[Dataset excerpts]
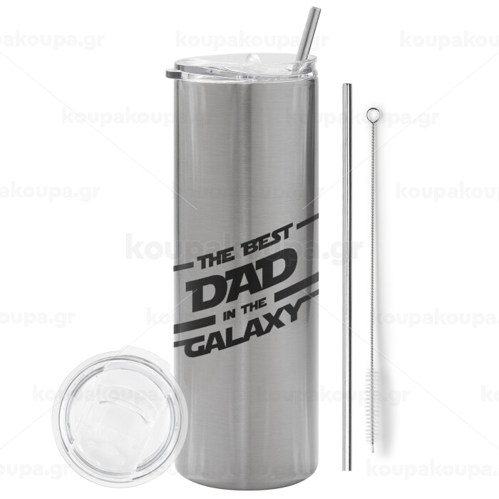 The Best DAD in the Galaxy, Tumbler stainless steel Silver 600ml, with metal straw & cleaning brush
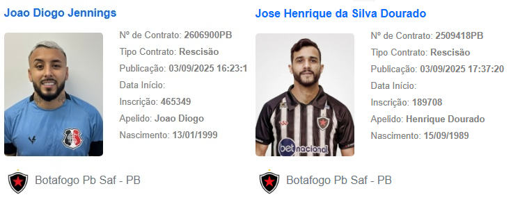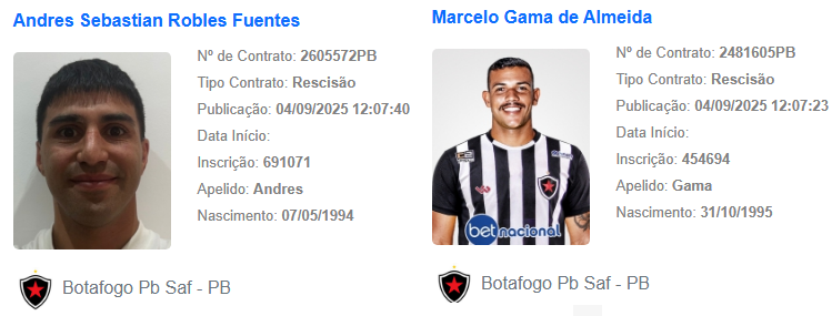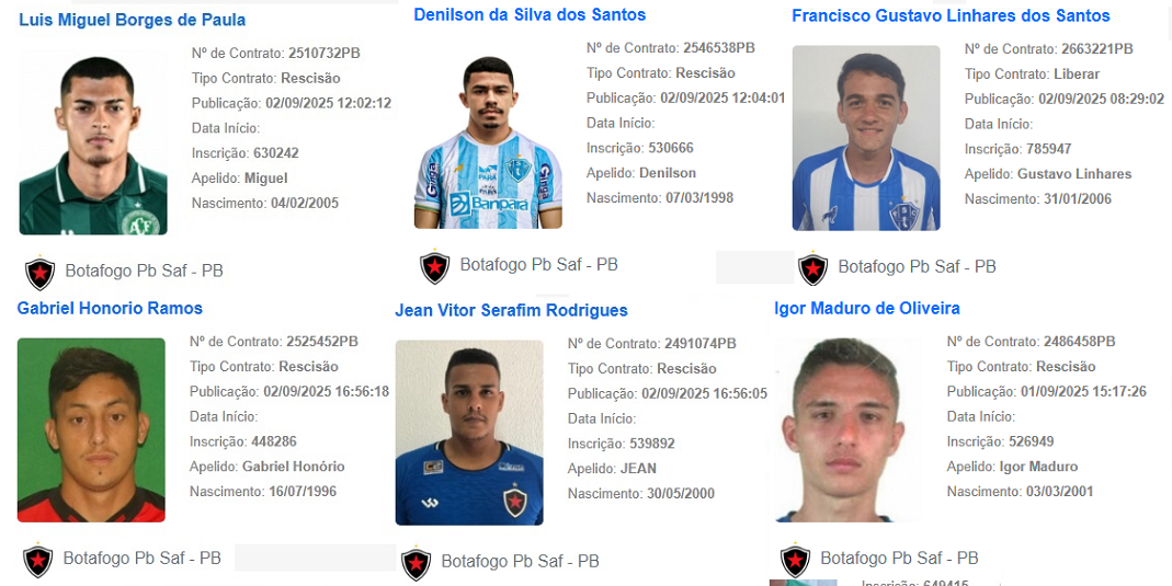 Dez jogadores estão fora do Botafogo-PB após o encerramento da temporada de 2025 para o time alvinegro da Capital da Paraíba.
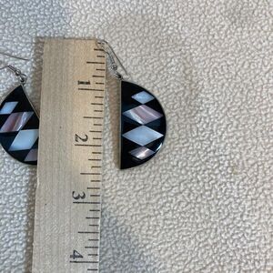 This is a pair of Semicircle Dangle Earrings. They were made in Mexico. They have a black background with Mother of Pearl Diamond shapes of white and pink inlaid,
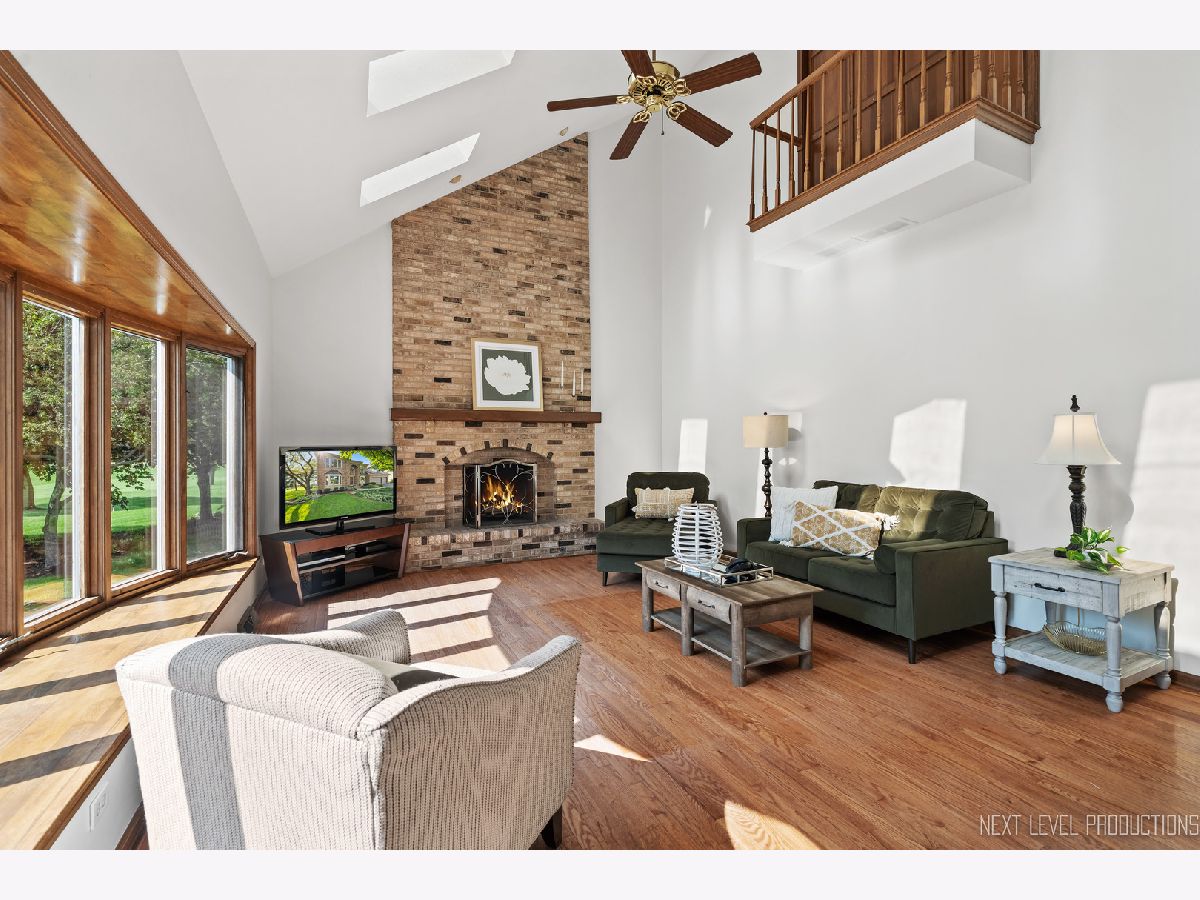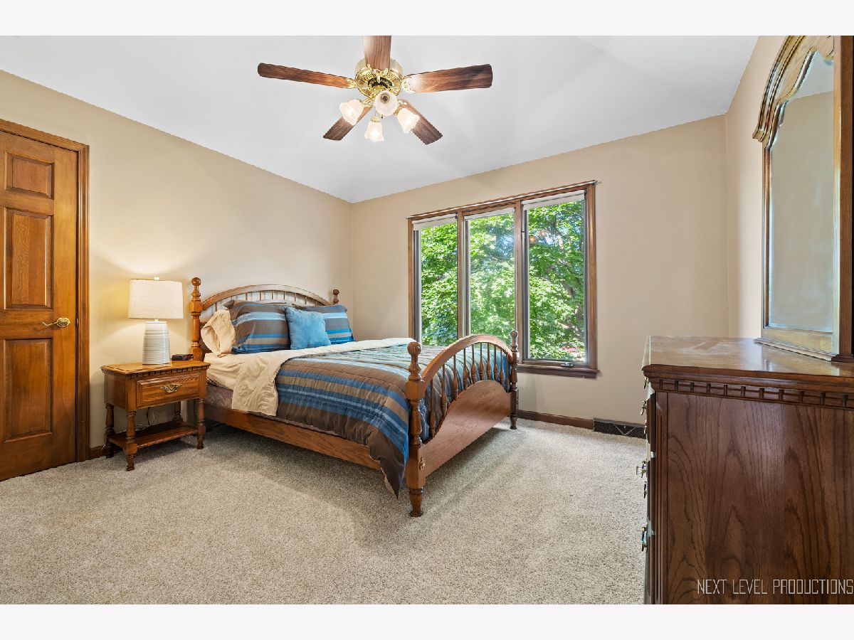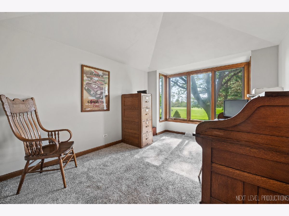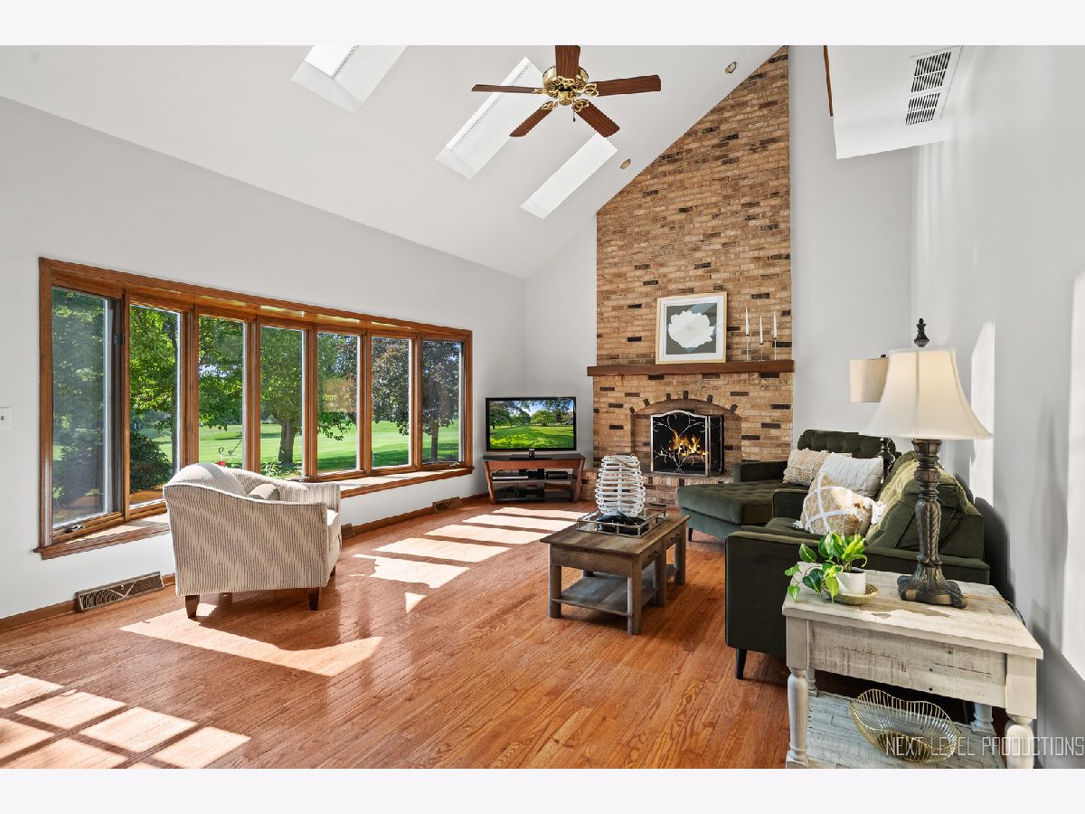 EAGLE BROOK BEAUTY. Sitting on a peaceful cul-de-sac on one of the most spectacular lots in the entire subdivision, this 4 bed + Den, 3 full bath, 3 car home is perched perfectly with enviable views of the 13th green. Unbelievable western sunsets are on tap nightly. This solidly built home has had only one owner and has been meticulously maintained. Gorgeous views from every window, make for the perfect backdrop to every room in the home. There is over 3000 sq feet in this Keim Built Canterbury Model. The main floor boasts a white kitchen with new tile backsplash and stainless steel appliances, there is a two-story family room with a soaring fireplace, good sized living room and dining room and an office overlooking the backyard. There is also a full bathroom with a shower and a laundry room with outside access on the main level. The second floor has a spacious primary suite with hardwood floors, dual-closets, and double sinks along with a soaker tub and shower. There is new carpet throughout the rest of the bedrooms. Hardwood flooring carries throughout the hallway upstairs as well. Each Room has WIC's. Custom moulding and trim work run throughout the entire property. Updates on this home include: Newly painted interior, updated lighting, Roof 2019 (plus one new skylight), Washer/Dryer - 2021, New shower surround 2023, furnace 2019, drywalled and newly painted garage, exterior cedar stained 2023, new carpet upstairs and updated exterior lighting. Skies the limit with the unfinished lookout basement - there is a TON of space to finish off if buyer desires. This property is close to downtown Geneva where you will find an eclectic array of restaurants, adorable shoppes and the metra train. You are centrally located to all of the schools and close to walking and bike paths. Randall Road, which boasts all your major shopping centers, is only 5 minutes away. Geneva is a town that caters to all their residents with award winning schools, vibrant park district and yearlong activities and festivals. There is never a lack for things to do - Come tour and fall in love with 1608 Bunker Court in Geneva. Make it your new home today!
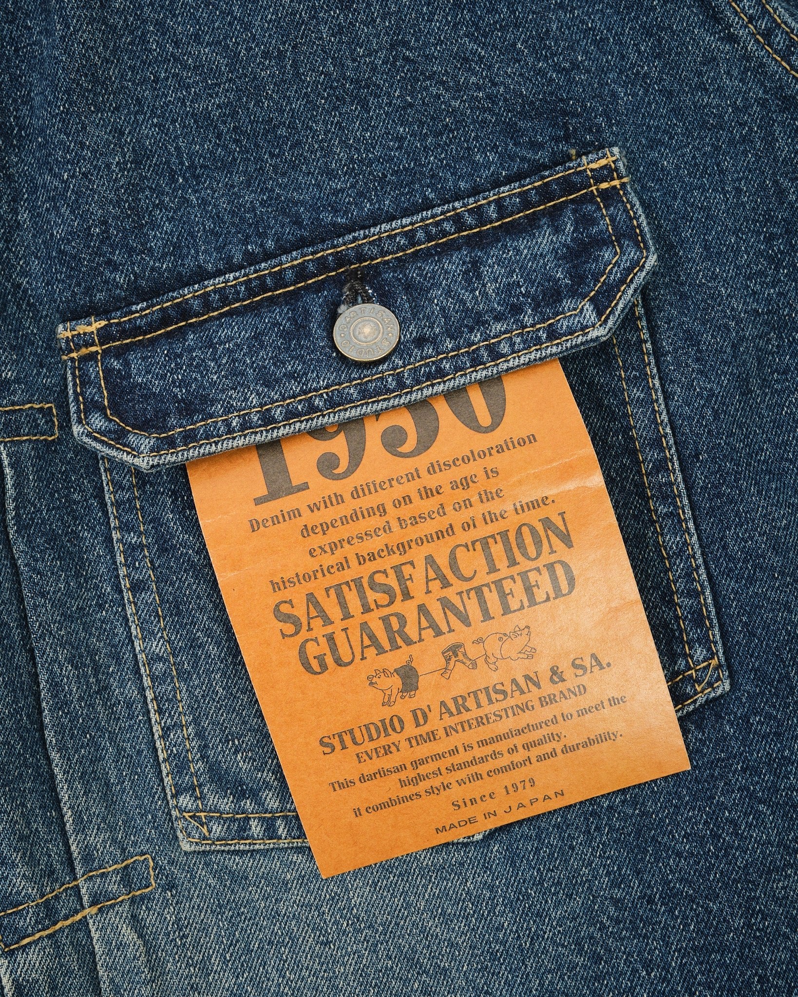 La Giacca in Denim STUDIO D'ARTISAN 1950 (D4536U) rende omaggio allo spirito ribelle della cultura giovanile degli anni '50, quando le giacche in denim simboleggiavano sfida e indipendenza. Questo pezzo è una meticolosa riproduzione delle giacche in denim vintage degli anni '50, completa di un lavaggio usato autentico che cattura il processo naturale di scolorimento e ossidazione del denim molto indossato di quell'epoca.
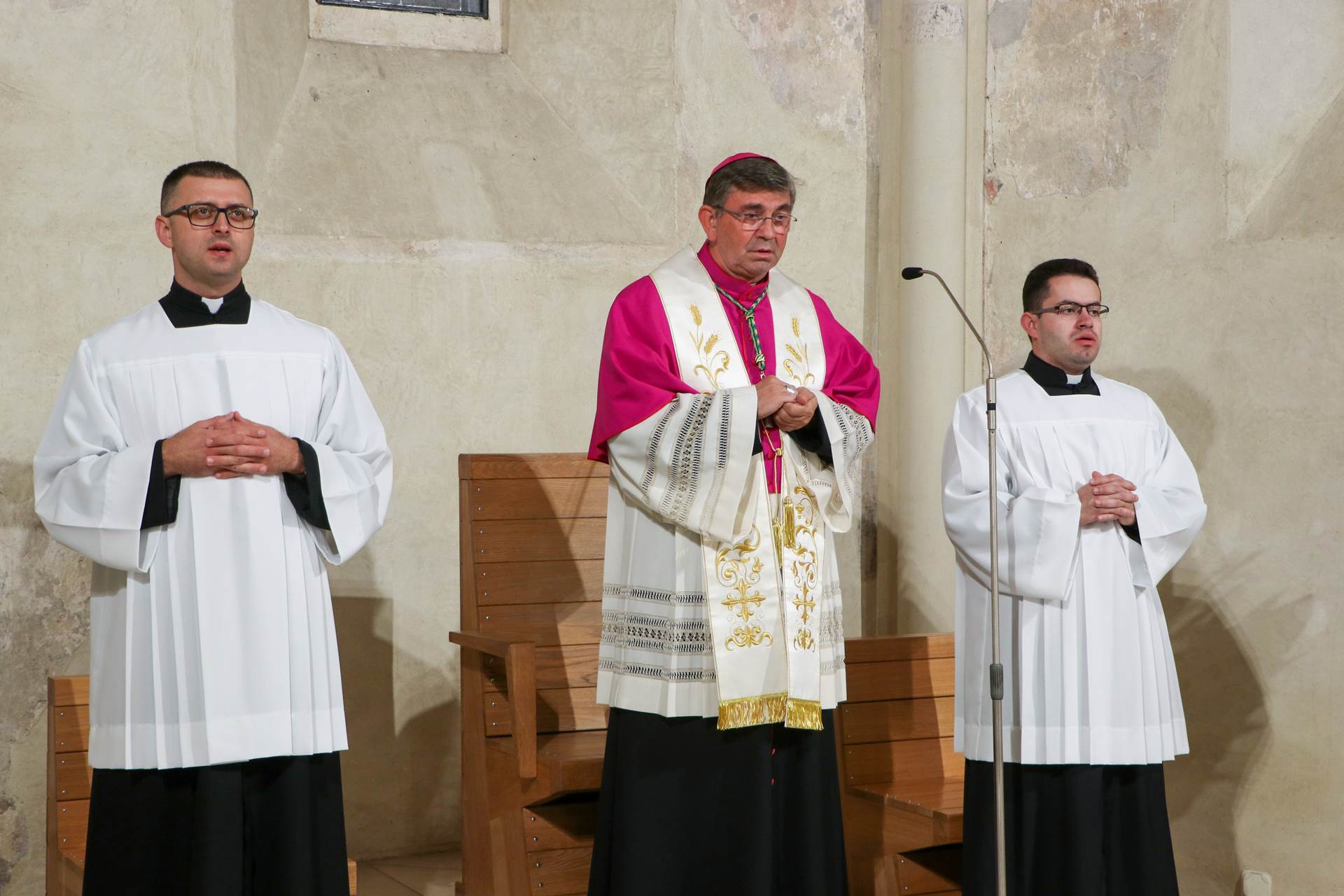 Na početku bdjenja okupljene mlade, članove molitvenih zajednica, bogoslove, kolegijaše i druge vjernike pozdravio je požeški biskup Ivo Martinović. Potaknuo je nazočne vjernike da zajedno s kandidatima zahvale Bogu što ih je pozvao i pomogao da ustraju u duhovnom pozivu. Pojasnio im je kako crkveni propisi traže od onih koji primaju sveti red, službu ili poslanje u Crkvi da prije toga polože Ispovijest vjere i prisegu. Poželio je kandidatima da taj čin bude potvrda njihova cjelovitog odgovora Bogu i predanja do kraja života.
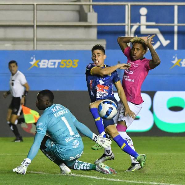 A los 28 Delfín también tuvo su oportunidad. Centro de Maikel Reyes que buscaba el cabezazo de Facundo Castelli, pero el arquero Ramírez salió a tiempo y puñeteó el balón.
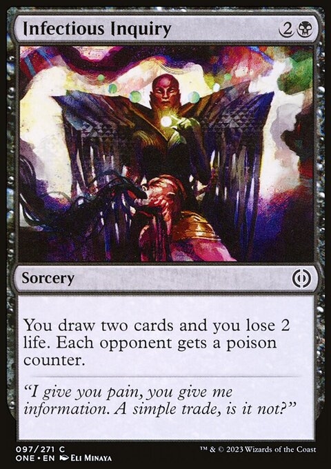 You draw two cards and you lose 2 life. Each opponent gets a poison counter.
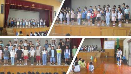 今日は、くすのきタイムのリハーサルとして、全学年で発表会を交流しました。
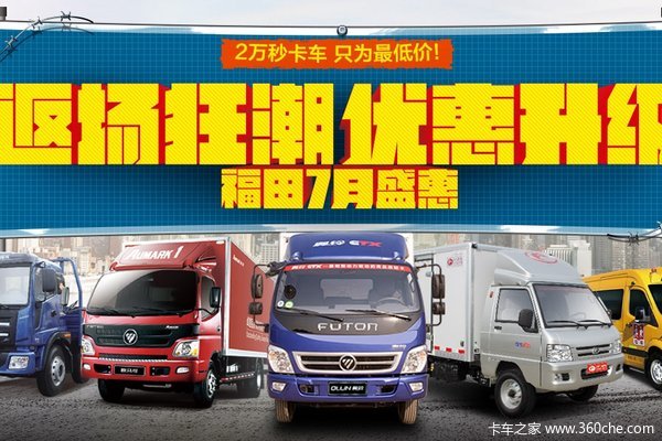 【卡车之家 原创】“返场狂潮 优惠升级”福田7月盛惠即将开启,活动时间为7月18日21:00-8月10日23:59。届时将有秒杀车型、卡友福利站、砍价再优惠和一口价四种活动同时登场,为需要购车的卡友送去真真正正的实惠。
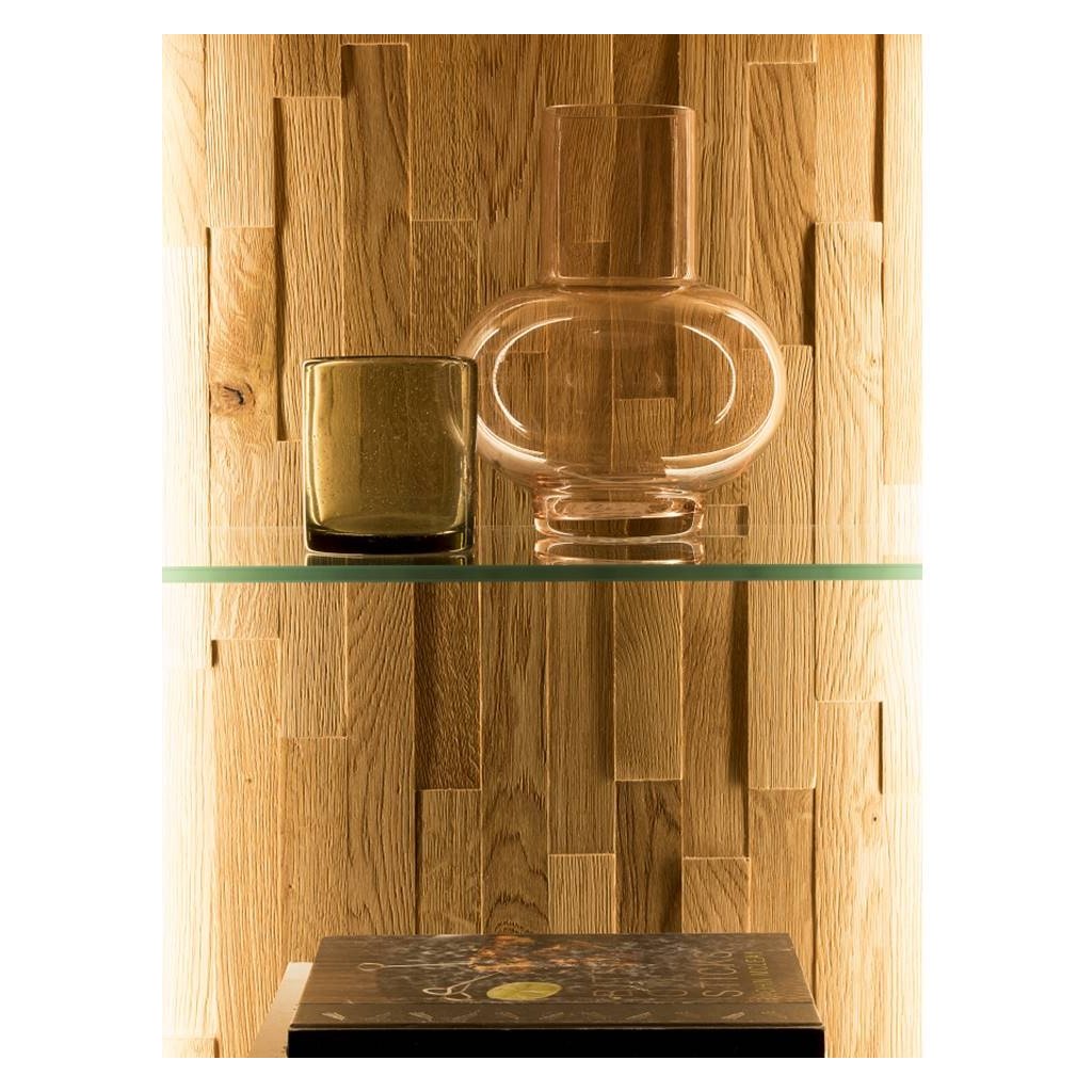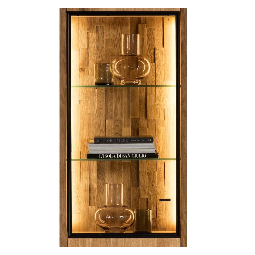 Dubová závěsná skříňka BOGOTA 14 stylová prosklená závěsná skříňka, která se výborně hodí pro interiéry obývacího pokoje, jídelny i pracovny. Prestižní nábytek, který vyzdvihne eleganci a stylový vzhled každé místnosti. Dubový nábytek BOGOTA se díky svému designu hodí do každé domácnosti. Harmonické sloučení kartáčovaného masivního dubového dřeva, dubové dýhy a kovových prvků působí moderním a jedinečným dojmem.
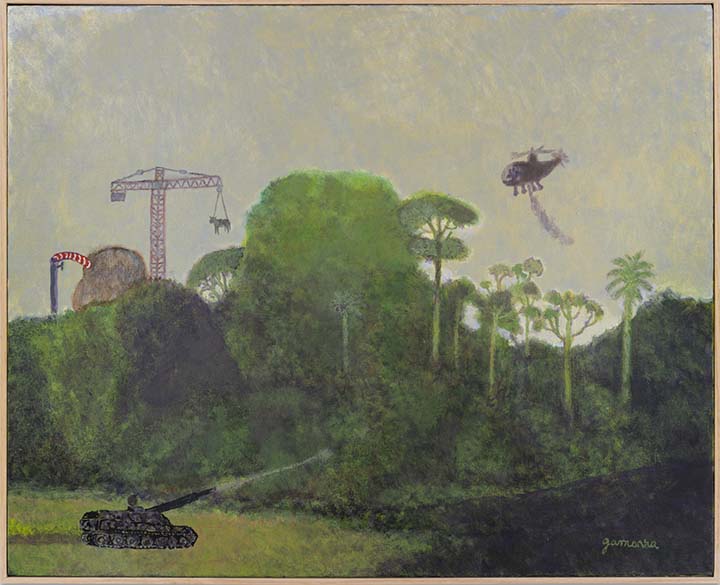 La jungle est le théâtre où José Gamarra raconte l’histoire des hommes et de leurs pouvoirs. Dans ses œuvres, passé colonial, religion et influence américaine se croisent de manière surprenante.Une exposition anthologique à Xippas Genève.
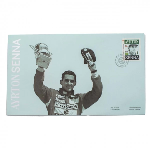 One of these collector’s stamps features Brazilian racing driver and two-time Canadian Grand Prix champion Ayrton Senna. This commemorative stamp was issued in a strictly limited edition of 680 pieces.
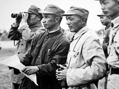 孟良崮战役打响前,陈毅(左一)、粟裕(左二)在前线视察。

→ Your objective: Could you set down verbatim the lines from the beginning of the entries above through the line containing "This is a pair", both included, leaving out the pictures?

→ Task response:
 The Best DAD in the Galaxy, Tumbler stainless steel Silver 600ml, with metal straw & cleaning brush
 Dez jogadores estão fora do Botafogo-PB após o encerramento da temporada de 2025 para o time alvinegro da Capital da Paraíba.
 This is a pair of Semicircle Dangle Earrings. They were made in Mexico. They have a black background with Mother of Pearl Diamond shapes of white and pink inlaid,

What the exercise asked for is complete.